• _WHAT THE EXERCISE ASKS_
Copy out the listing that follows, exact in every word, and skip the images.

• _GIVEN MATERIAL_
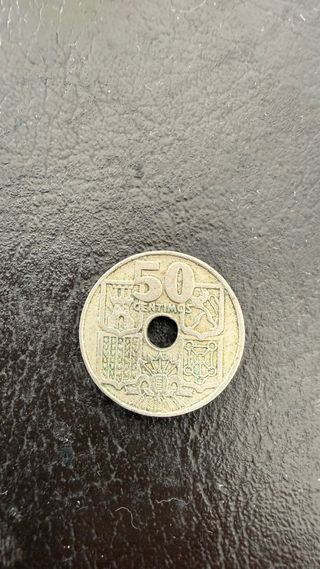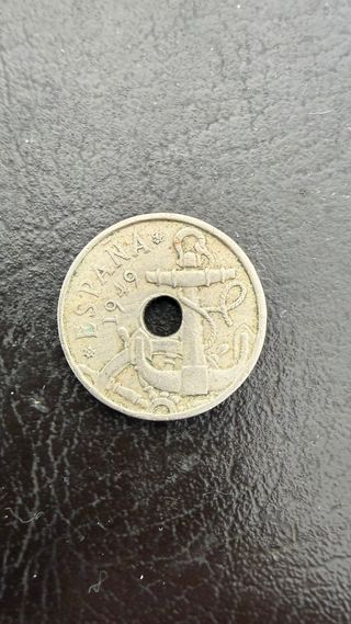 Moneda de 50 céntimos del año 1949. - Diseño con escudo. - Agujero central.
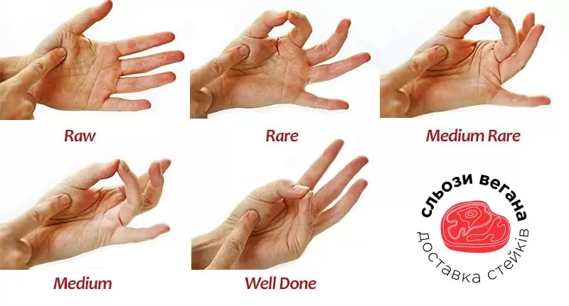 Kuchyňský teploměr není vždy po ruce. Zvláště pokud se steak připravuje venku. V tomto případě můžete k určení stupně pražení pochoutky použít vlastní ruku:
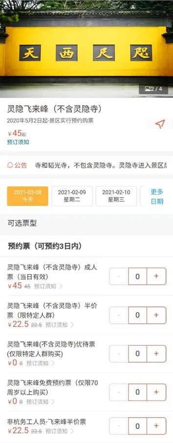 ▲“杭州西湖西溪景区”公众号“灵隐飞来峰”预约页面

• _OUTPUT OF THE TASK_
 Moneda de 50 céntimos del año 1949. - Diseño con escudo. - Agujero central.
 Kuchyňský teploměr není vždy po ruce. Zvláště pokud se steak připravuje venku. V tomto případě můžete k určení stupně pražení pochoutky použít vlastní ruku:
 ▲“杭州西湖西溪景区”公众号“灵隐飞来峰”预约页面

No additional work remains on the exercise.